Work to complete -
Repeat the data word for word. Do not include the pictures.

The data -
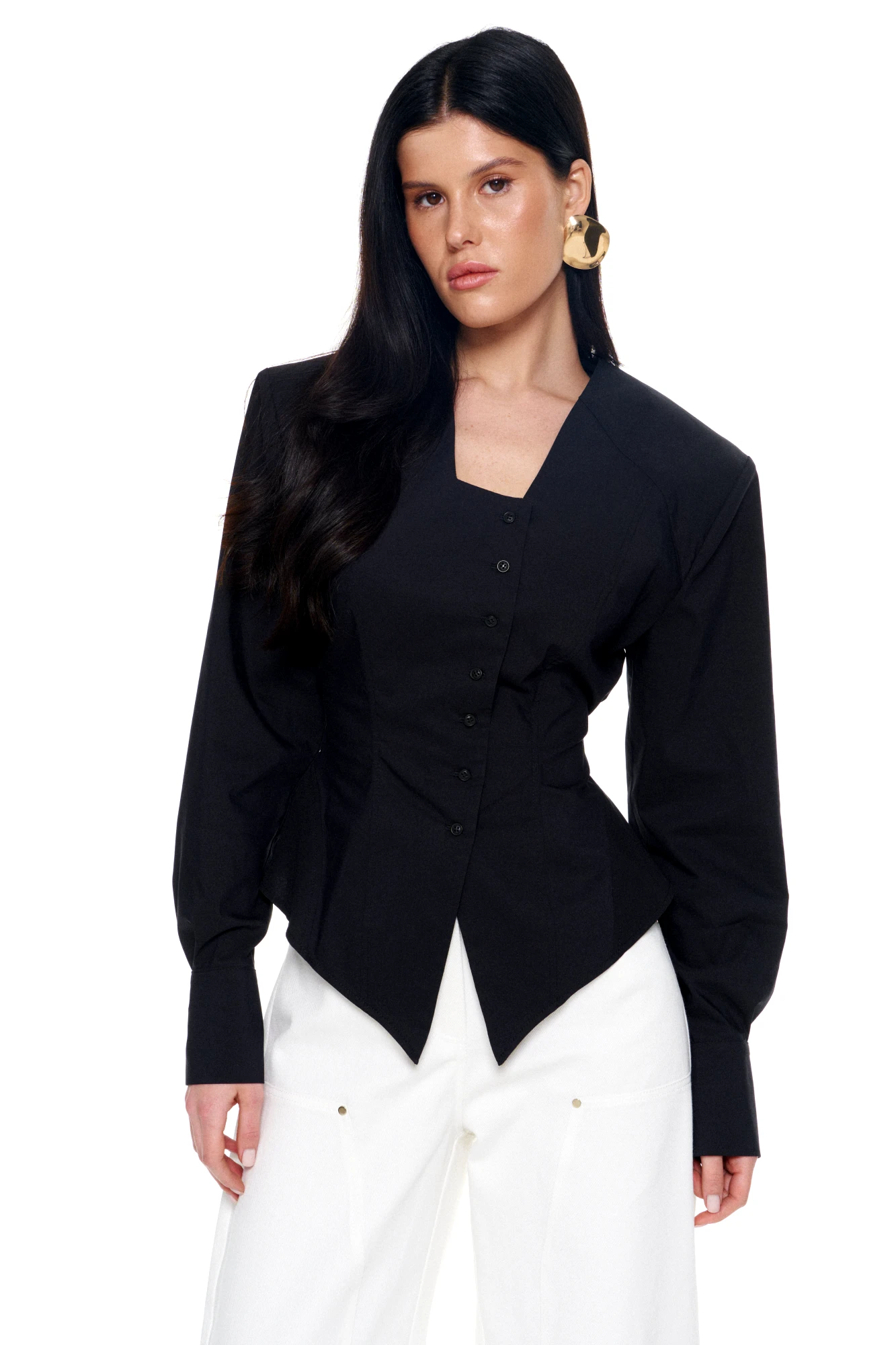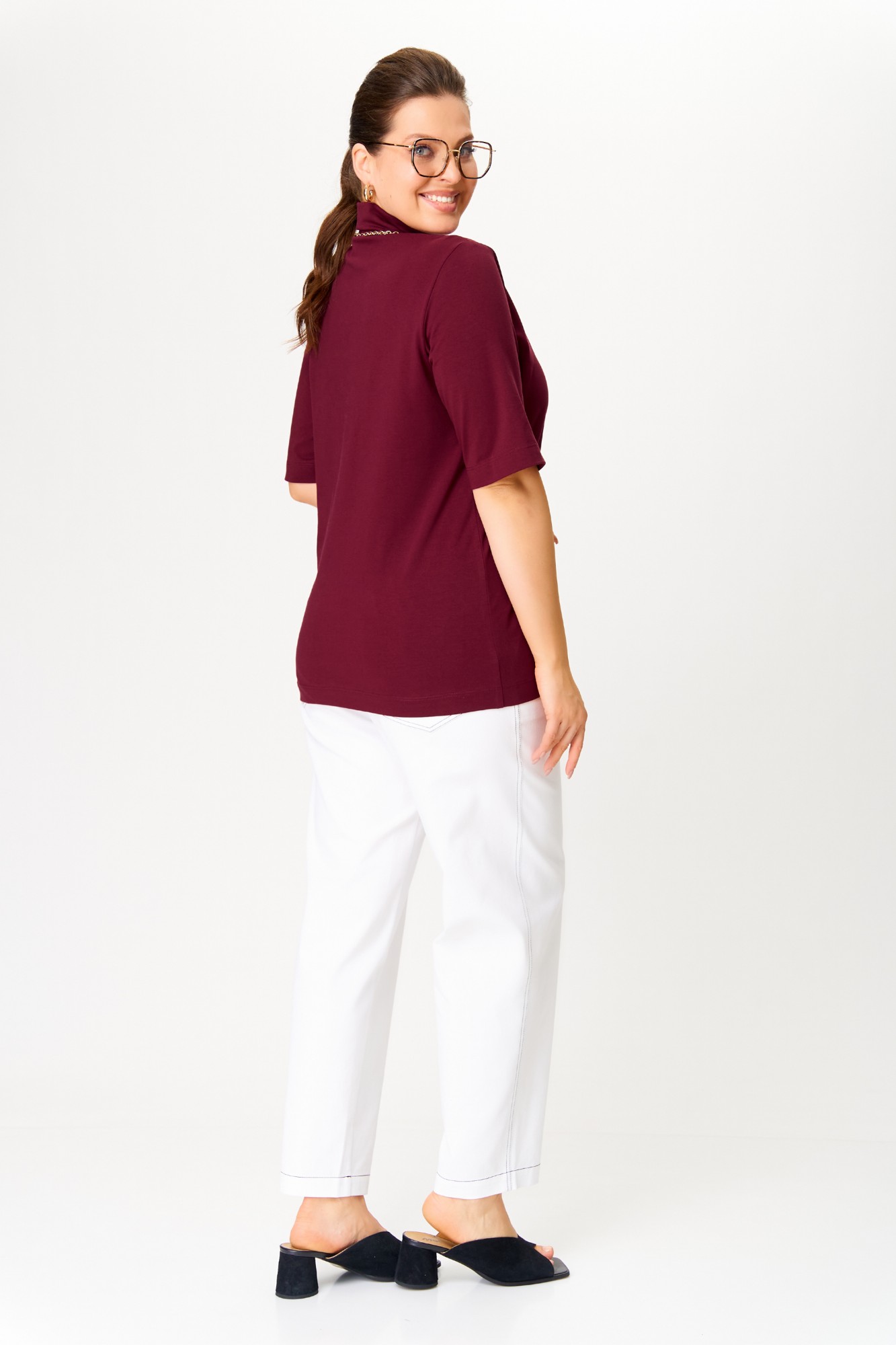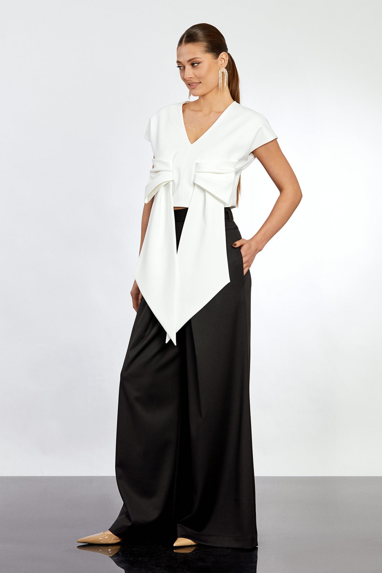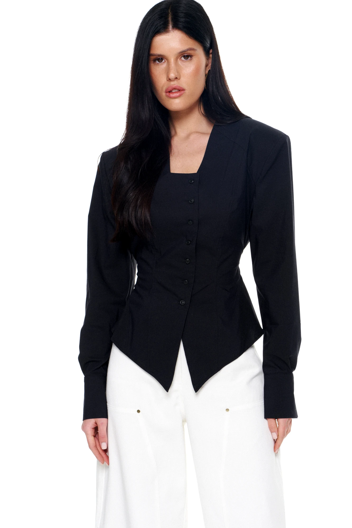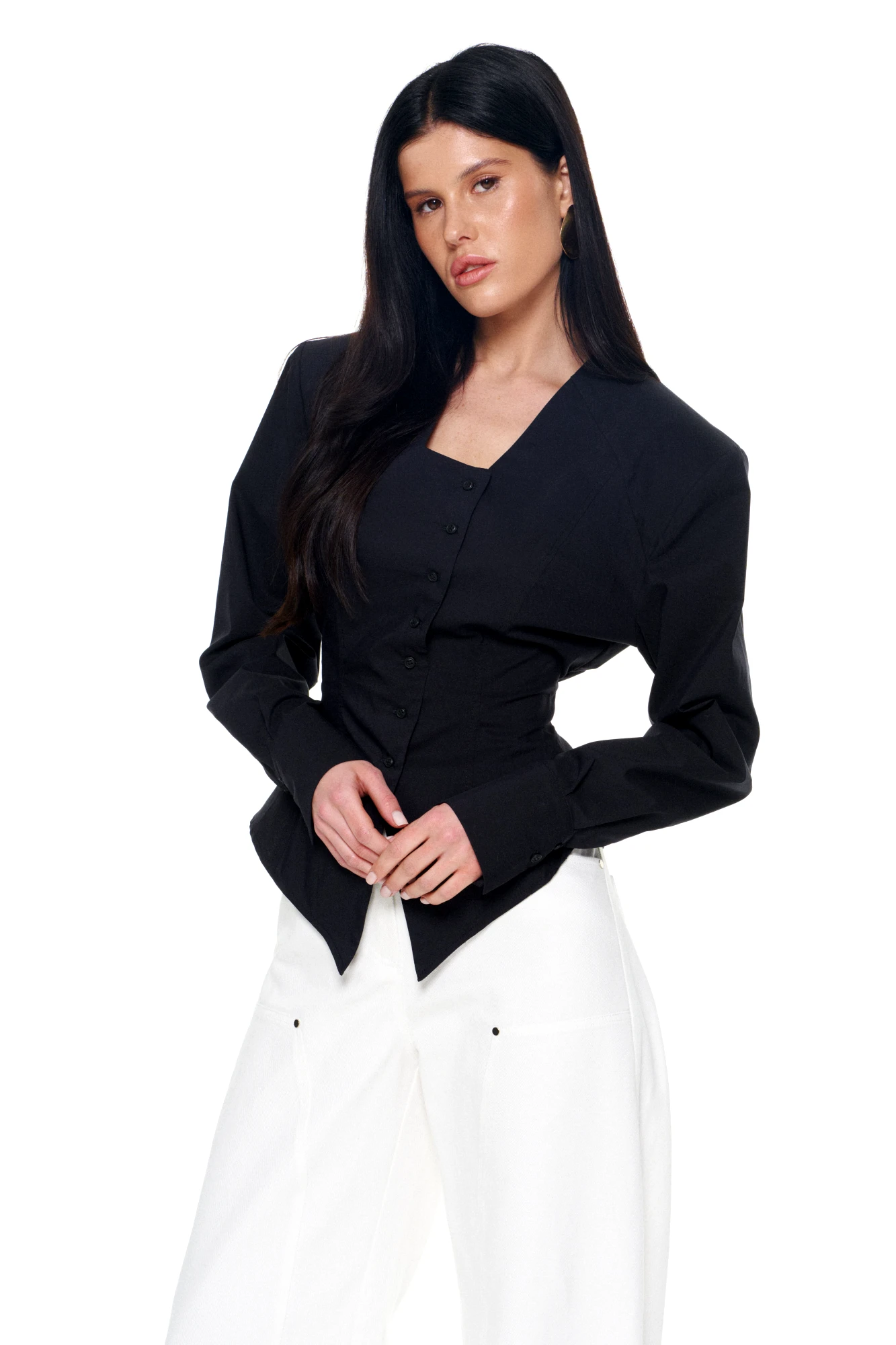 • Блузка с V –образным вырезом горловины – такая модель, наглядно делает больше длину вашей шеи.
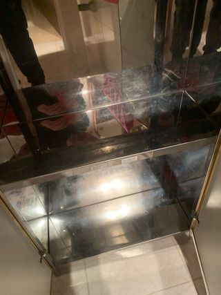 Módulo mueble baño para colgar. Sin estrenar, no se ha llegado a colgar. Color negro lacado brillo, la puerta frontal tiene efecto de purpurina. Se abre con tirador de acero que va en la parte de abajo a lo ancho de la puerta. Me costó 180 euros.
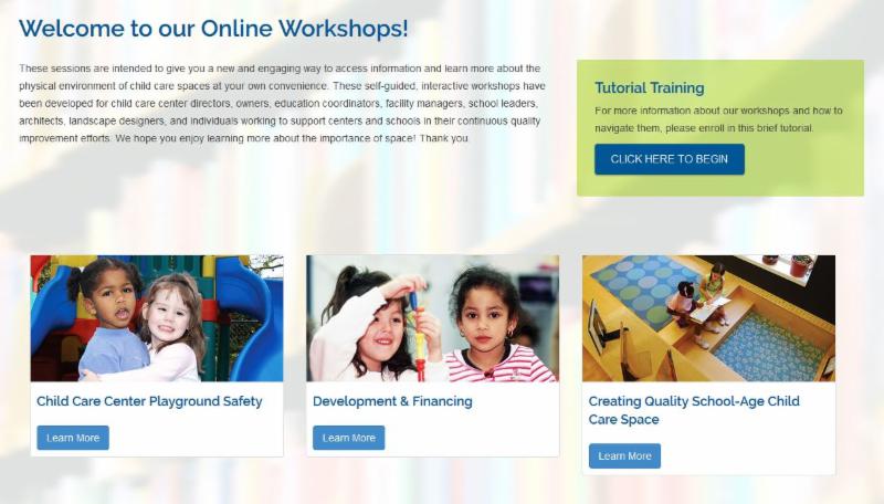 The Rhode Island Child Care and Early Learning Facilities Fund is proud to offer online workshops, which are intended to give you a new and engaging way to access information and learn more about the physical environment of child care spaces at your own convenience. These self-guided, interactive workshops have been developed for child care center directors, owners, education coordinators, facility managers, school leaders, architects, landscape designers, and individuals working to support centers and schools in their continuous quality improvement efforts. We hope you enjoy learning more about the importance of space!
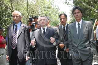 MEXICO, D.F. 06JUNIO2005.- Al centro el precandidato presidencial del PAN, acompañado de los hermanos del fallecido Adolfo Aguilar Zinser, Valente, Gonzalo y Alonso, durante el velorio realizado en la casa de la familia. FOTO: Sandra Perdomo/CUARTOSCURO.COM
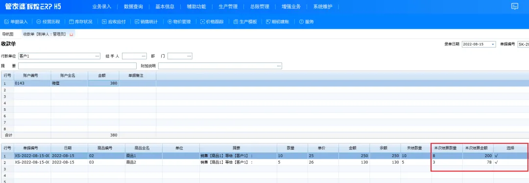 缺点:按单结算做收款时必须每单分配,影响软件的操作速度;

Your solution -
 • Блузка с V –образным вырезом горловины – такая модель, наглядно делает больше длину вашей шеи.
 Módulo mueble baño para colgar. Sin estrenar, no se ha llegado a colgar. Color negro lacado brillo, la puerta frontal tiene efecto de purpurina. Se abre con tirador de acero que va en la parte de abajo a lo ancho de la puerta. Me costó 180 euros.
 The Rhode Island Child Care and Early Learning Facilities Fund is proud to offer online workshops, which are intended to give you a new and engaging way to access information and learn more about the physical environment of child care spaces at your own convenience. These self-guided, interactive workshops have been developed for child care center directors, owners, education coordinators, facility managers, school leaders, architects, landscape designers, and individuals working to support centers and schools in their continuous quality improvement efforts. We hope you enjoy learning more about the importance of space!
 MEXICO, D.F. 06JUNIO2005.- Al centro el precandidato presidencial del PAN, acompañado de los hermanos del fallecido Adolfo Aguilar Zinser, Valente, Gonzalo y Alonso, durante el velorio realizado en la casa de la familia. FOTO: Sandra Perdomo/CUARTOSCURO.COM
 缺点:按单结算做收款时必须每单分配,影响软件的操作速度;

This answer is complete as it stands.